From the records below, output exactly the lines starting at the line with "In this example, the" and ending at the line with "Service de verres", both of them included, but no pictures.

┌─ Record set

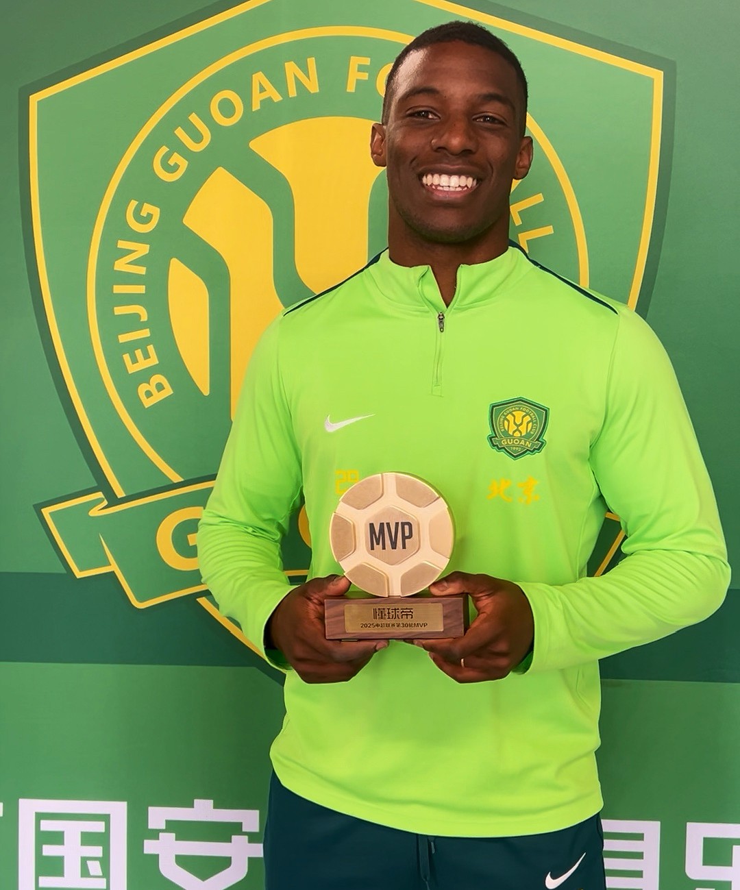 在中超联赛第30轮的巅峰对决中,北京国安锋霸法比奥以惊世骇俗的"大四喜"神迹,率队5-1狂胜梅州客家!不仅个人登顶射手榜宝座,更将金靴荣耀收入囊中,同时强势斩获懂球帝第30轮MVP桂冠!近日,我们为这位超级射手送上定制MVP奖杯——这已是法比奥本赛季第三次将懂球帝奖杯收入囊中!更带来独家专访,让我们一同聆听这位足协杯冠军英雄的心声!【MVP专访】捧杯时刻,你想对球迷说什么?千言万语汇成一句:感谢!
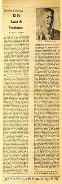 El yo acuso de Recabarren [artículo] / Marcelo Segall. Las Últimas Noticias (Diario : Santiago, Chile)-- mayo 22, 1965. .
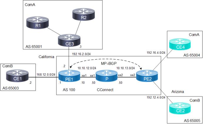 In this example, the CConnect MPLS-VPN backbone has two customers — ComA and ComB. Both customers have sites in California and Arizona. The following topology shows BGP4 address assignment between PE and CE routers. The steps that follow provision a customer VPN service across the MPLS-VPN backbone.
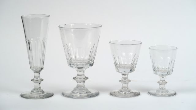 Service de verres en cristal comprenant : 15 flûtes, 9 verres à eau, 13 verres à vin rouge, 13 verres à porto (petites égrenures)
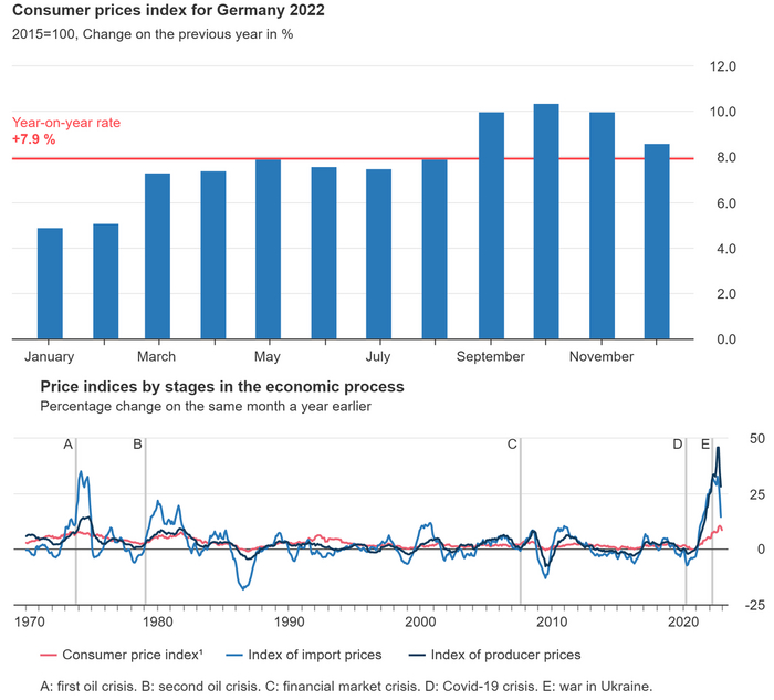По результатам декабря 2022 года рост цен в Евросоюзе составил 10,4%, в еврозоне - 9,2%
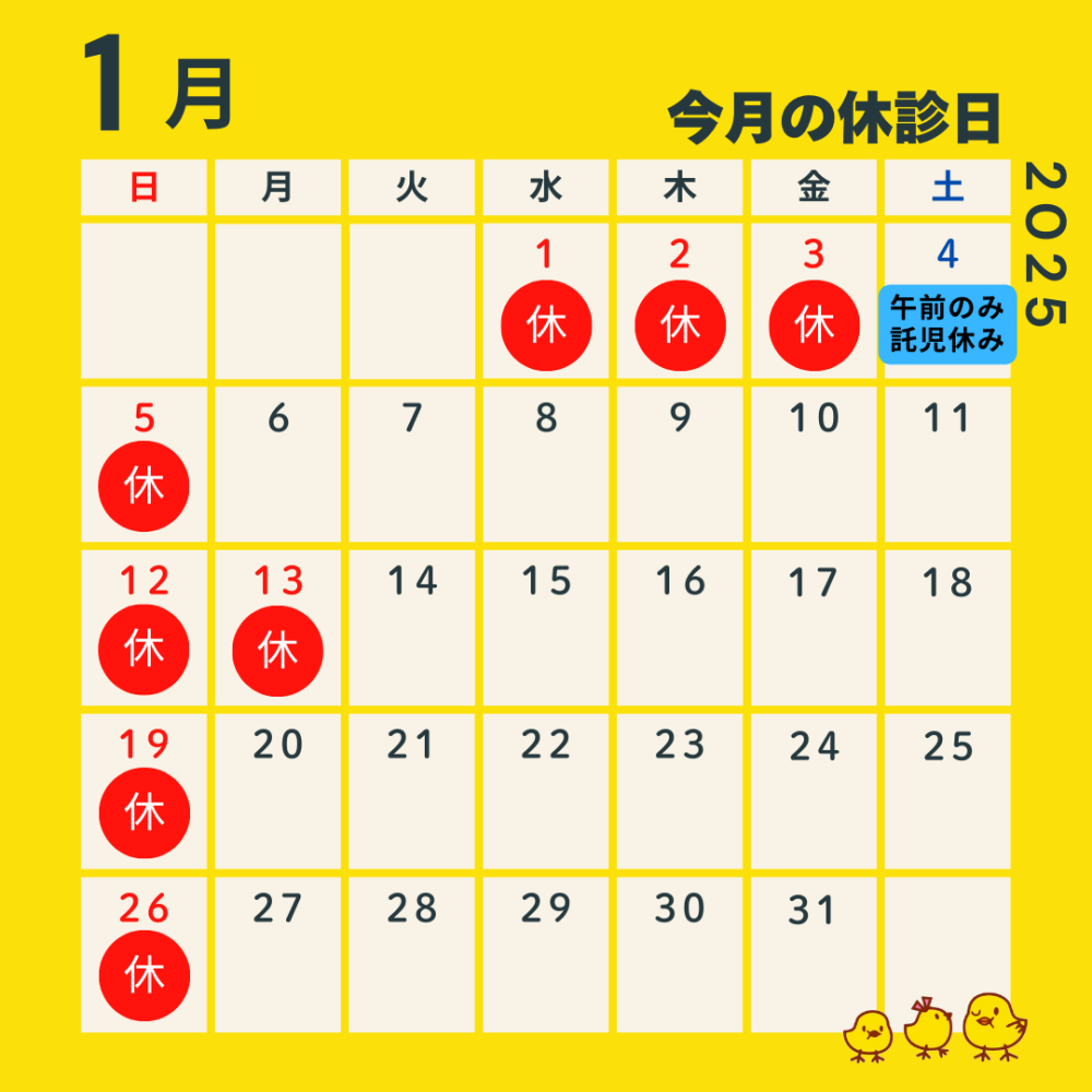 【1月休診日のお知らせ】
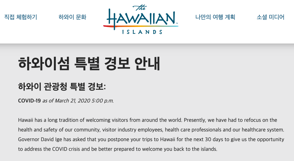 하와이 관광청 특별 경보: COVID-19 as of March 21, 2020 5:00 p.m. Hawaii has a long tradition of welcoming visitors from around the world. Presently, we have had to refocus on the health and safety of our community, visitor industry employees, health care professiona

└─

• Reply
 In this example, the CConnect MPLS-VPN backbone has two customers — ComA and ComB. Both customers have sites in California and Arizona. The following topology shows BGP4 address assignment between PE and CE routers. The steps that follow provision a customer VPN service across the MPLS-VPN backbone.
 Service de verres en cristal comprenant : 15 flûtes, 9 verres à eau, 13 verres à vin rouge, 13 verres à porto (petites égrenures)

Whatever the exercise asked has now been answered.